*WHAT YOU HAVE TO DO*. Give again, unaltered, the lines of the listing below that run from the line having "Council of Ireland." through the line having "Wireless 5.1 speaker".
:: INPUT RECORDS ::
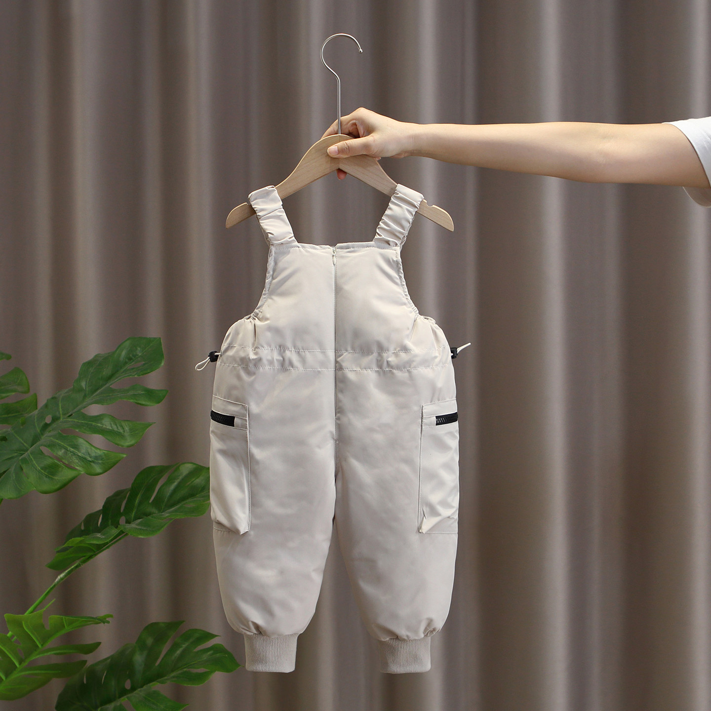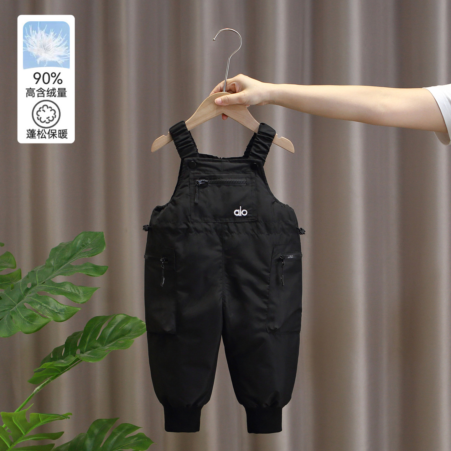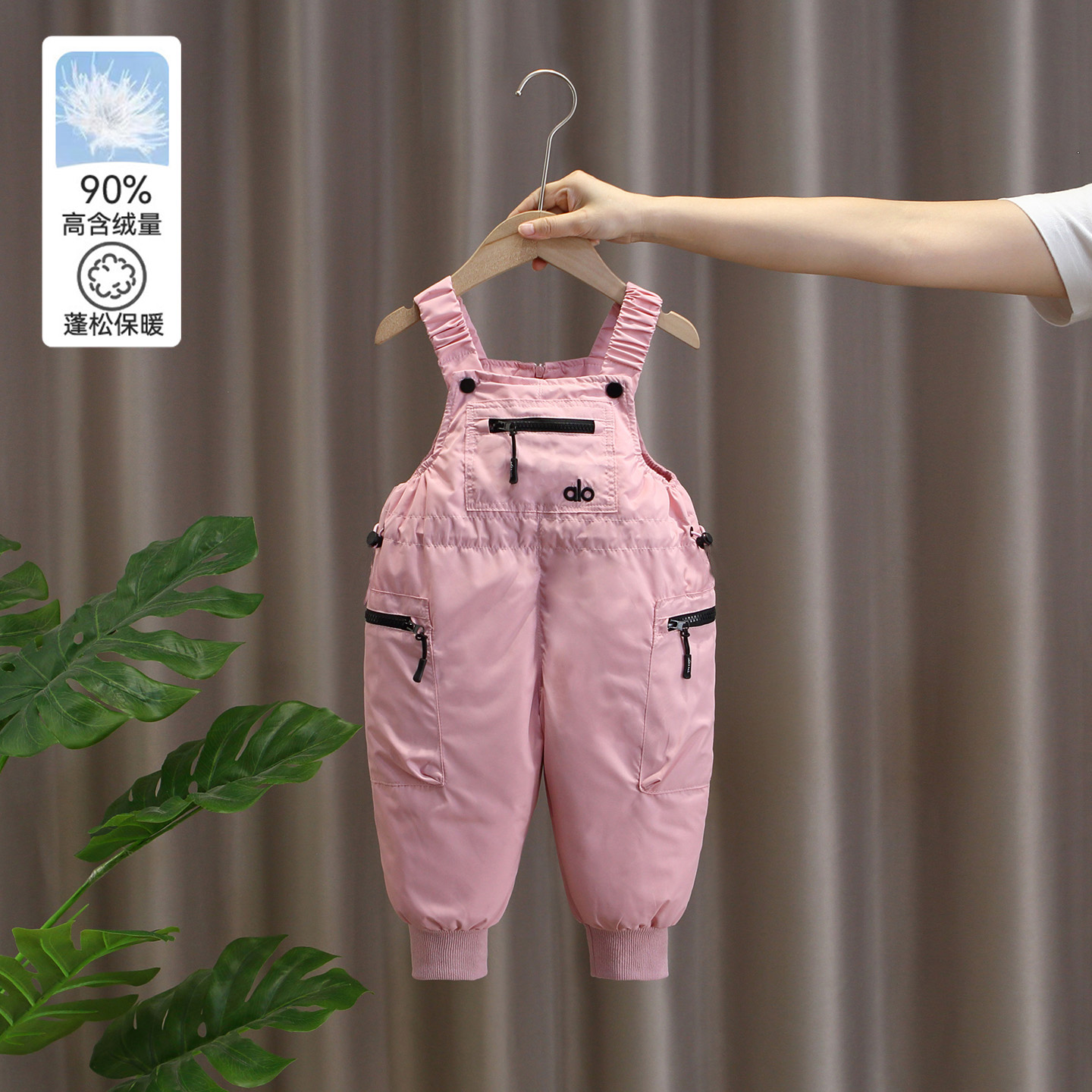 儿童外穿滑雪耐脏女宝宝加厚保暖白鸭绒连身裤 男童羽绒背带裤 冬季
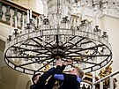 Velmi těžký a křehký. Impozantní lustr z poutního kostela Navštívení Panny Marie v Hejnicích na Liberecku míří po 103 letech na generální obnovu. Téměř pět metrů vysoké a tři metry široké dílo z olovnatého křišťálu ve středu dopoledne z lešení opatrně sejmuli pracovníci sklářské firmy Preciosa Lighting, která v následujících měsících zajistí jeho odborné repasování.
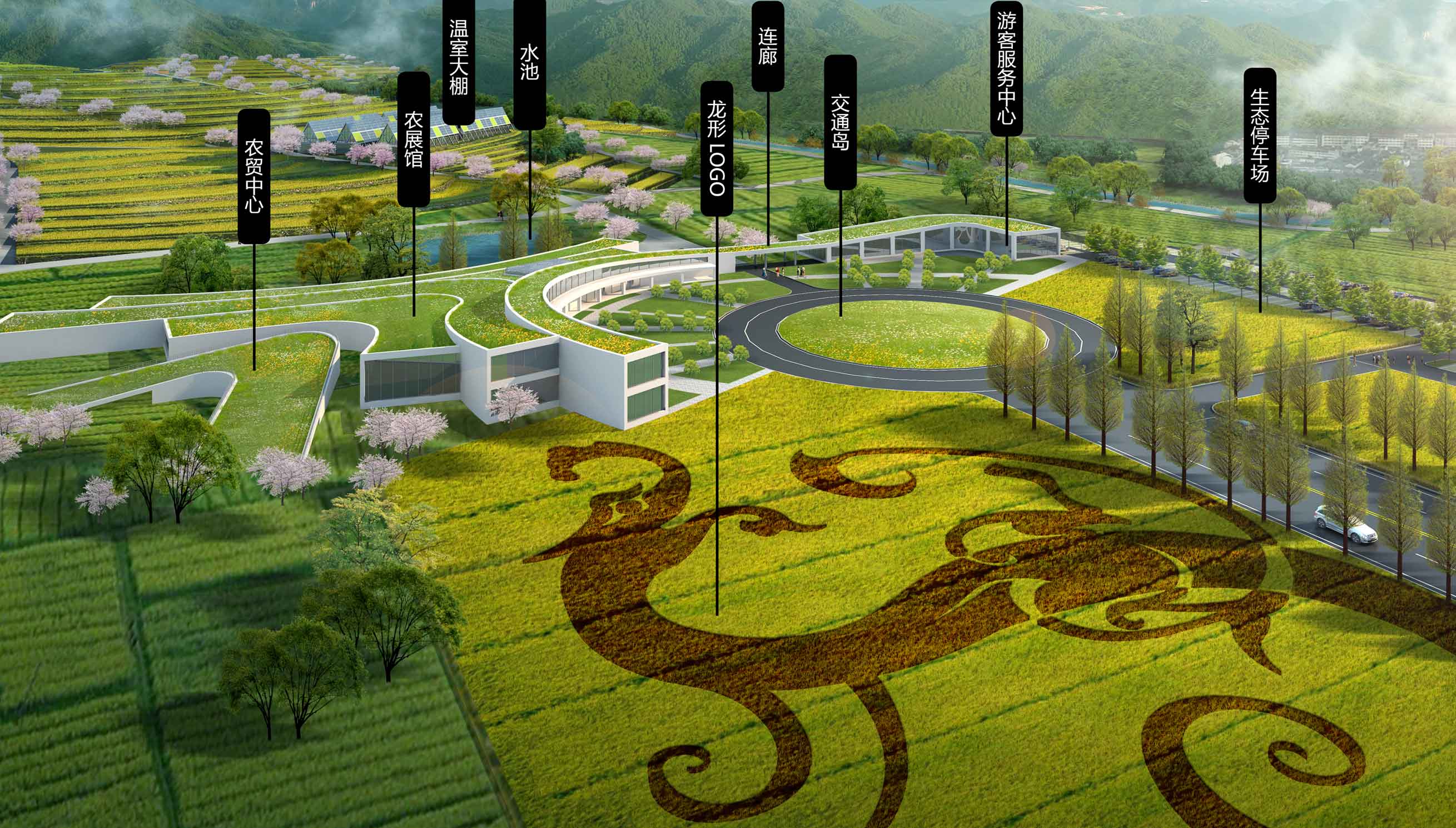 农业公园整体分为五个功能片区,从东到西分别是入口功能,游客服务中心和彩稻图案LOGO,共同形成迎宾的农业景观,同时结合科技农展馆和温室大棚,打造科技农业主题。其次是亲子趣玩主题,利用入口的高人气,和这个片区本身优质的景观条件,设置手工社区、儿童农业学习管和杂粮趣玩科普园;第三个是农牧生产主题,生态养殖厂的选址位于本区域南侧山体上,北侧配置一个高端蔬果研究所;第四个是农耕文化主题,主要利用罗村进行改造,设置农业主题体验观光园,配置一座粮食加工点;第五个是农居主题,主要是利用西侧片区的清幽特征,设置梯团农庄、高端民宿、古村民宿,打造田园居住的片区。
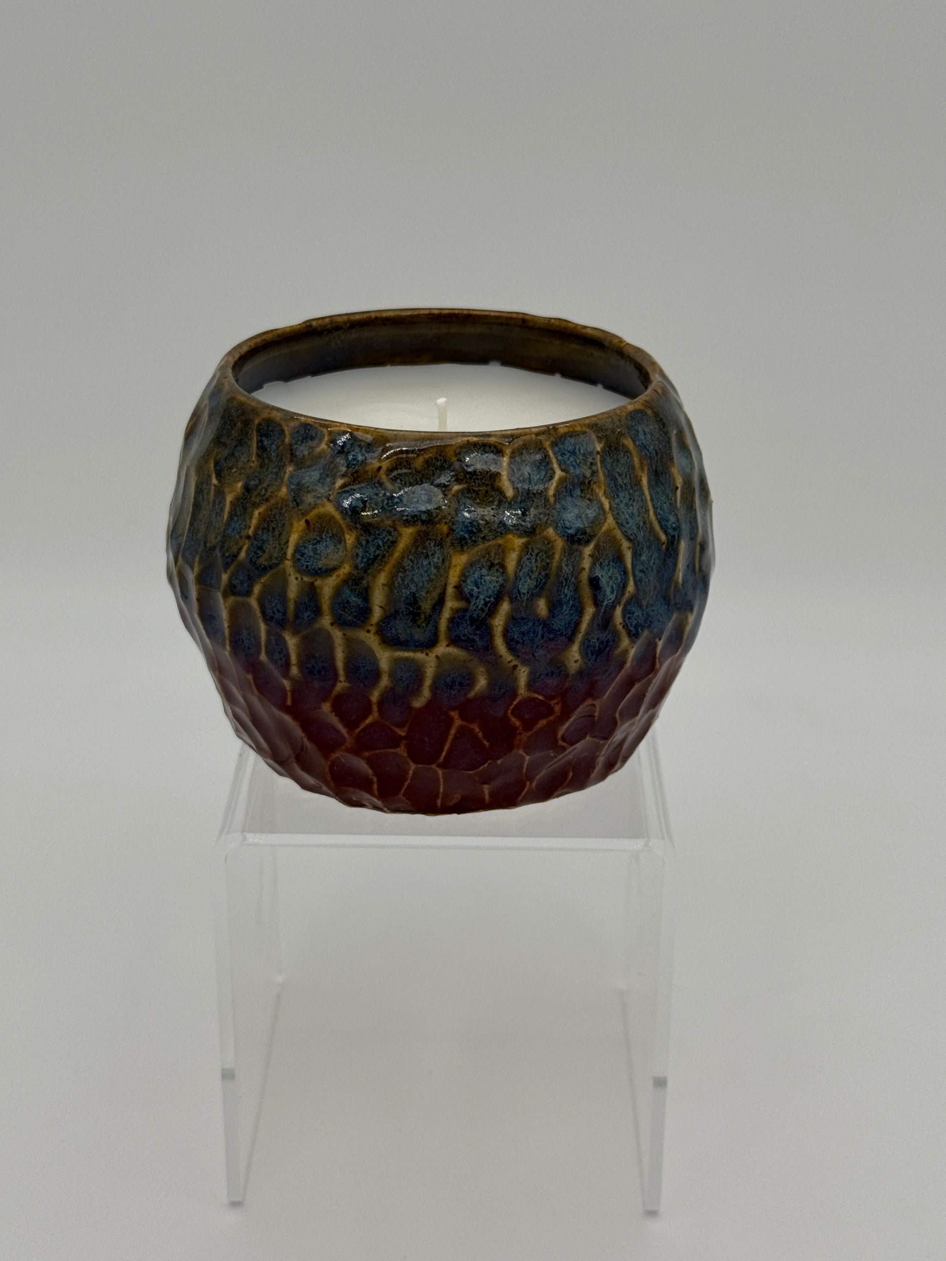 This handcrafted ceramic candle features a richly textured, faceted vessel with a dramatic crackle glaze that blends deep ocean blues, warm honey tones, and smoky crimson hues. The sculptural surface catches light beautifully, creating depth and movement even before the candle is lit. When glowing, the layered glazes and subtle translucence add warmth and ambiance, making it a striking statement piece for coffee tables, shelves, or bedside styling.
:::
:: INPUT RECORDS ::
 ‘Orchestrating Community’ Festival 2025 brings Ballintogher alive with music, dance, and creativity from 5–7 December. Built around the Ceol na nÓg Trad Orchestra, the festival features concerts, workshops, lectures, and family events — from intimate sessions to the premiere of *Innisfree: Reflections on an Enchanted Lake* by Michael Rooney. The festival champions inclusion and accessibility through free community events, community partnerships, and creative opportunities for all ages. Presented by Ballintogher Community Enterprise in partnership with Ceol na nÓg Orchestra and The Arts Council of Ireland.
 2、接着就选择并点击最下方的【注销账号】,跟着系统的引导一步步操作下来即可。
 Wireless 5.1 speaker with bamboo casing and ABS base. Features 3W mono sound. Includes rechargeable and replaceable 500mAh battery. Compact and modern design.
:::
:: INPUT RECORDS ::
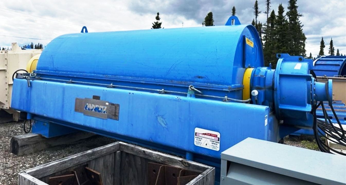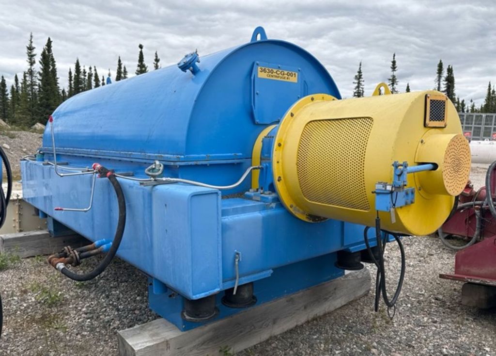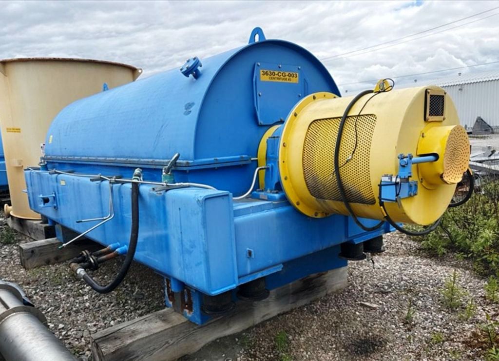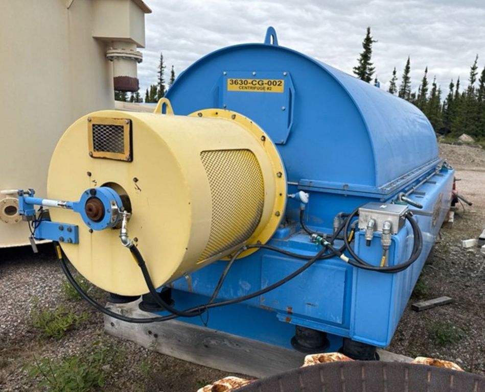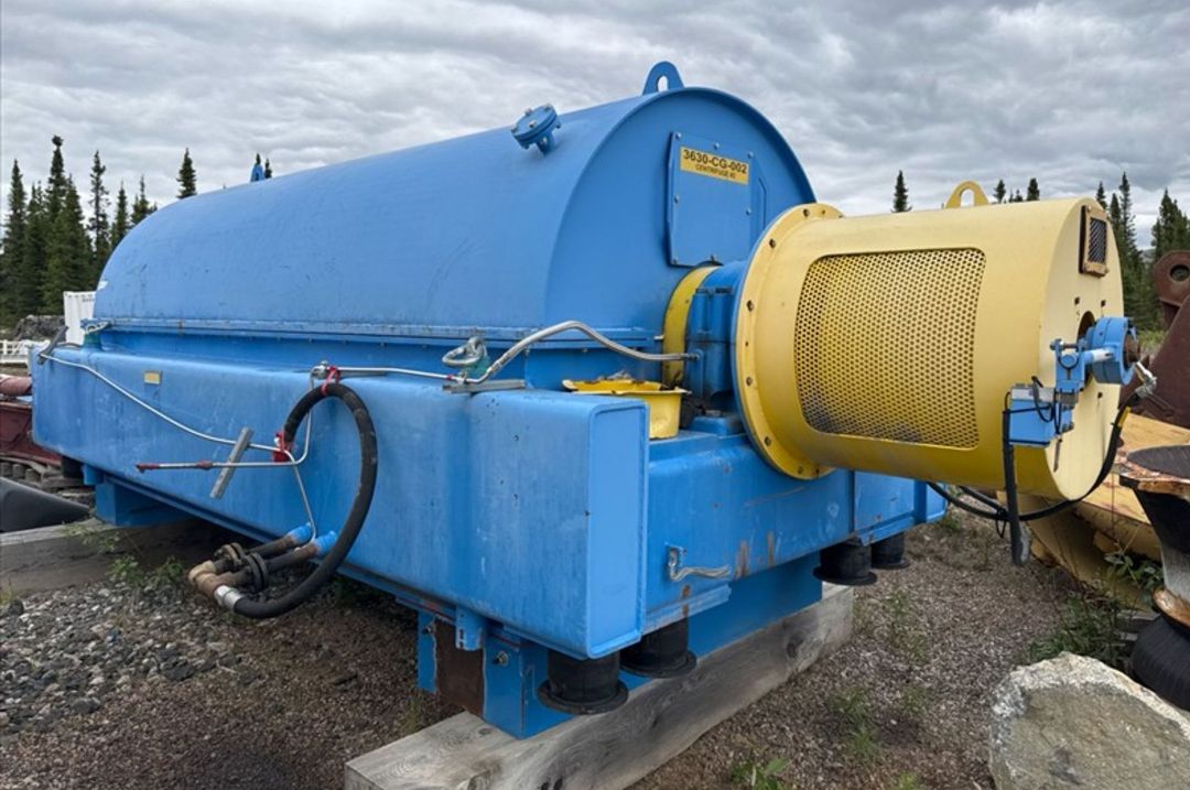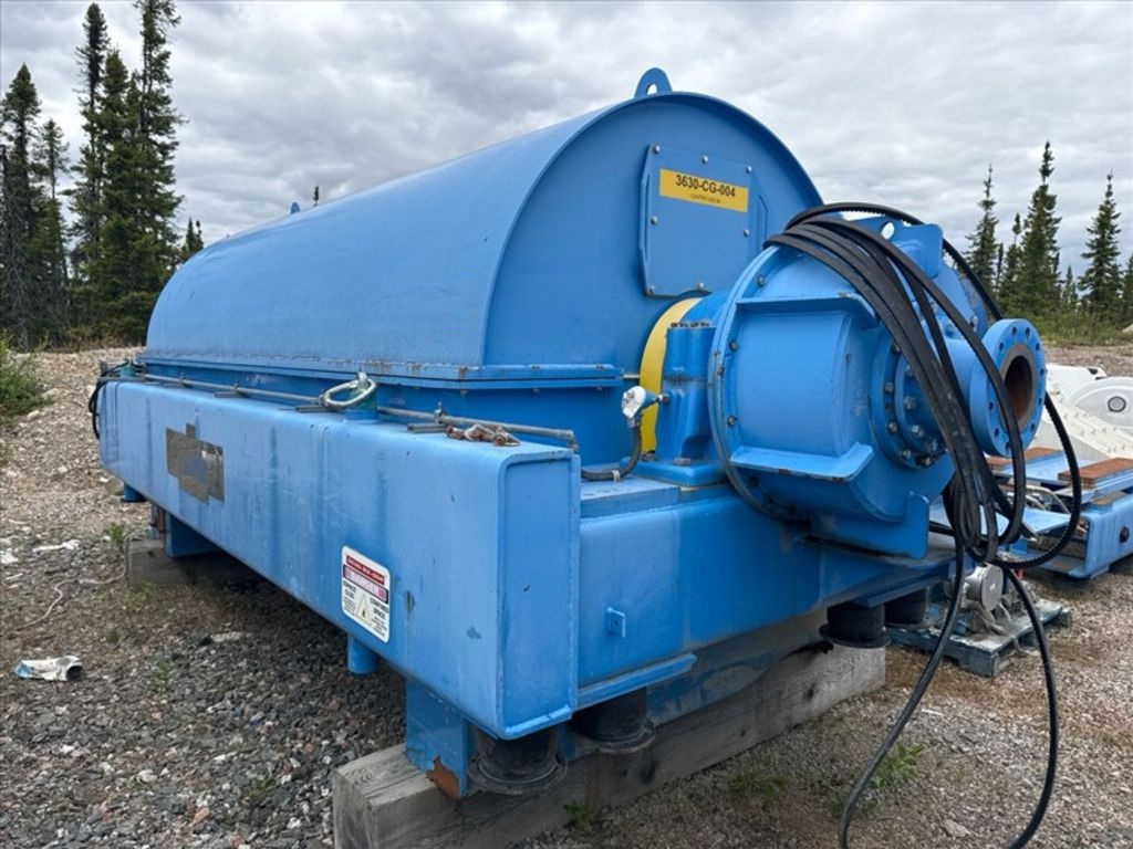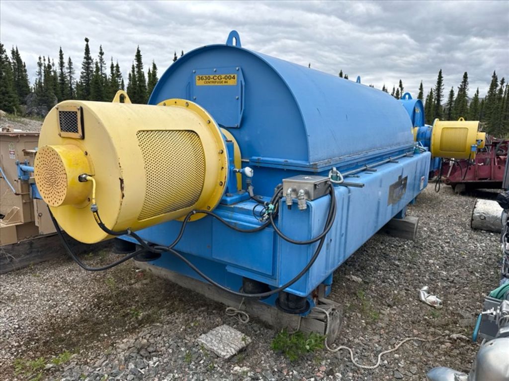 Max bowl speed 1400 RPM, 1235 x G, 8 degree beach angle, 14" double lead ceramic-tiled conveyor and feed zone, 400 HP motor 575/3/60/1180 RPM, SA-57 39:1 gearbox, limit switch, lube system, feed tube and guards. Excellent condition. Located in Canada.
:::
*PROBLEM SOLUTION*.
 ‘Orchestrating Community’ Festival 2025 brings Ballintogher alive with music, dance, and creativity from 5–7 December. Built around the Ceol na nÓg Trad Orchestra, the festival features concerts, workshops, lectures, and family events — from intimate sessions to the premiere of *Innisfree: Reflections on an Enchanted Lake* by Michael Rooney. The festival champions inclusion and accessibility through free community events, community partnerships, and creative opportunities for all ages. Presented by Ballintogher Community Enterprise in partnership with Ceol na nÓg Orchestra and The Arts Council of Ireland.
 2、接着就选择并点击最下方的【注销账号】,跟着系统的引导一步步操作下来即可。
 Wireless 5.1 speaker with bamboo casing and ABS base. Features 3W mono sound. Includes rechargeable and replaceable 500mAh battery. Compact and modern design.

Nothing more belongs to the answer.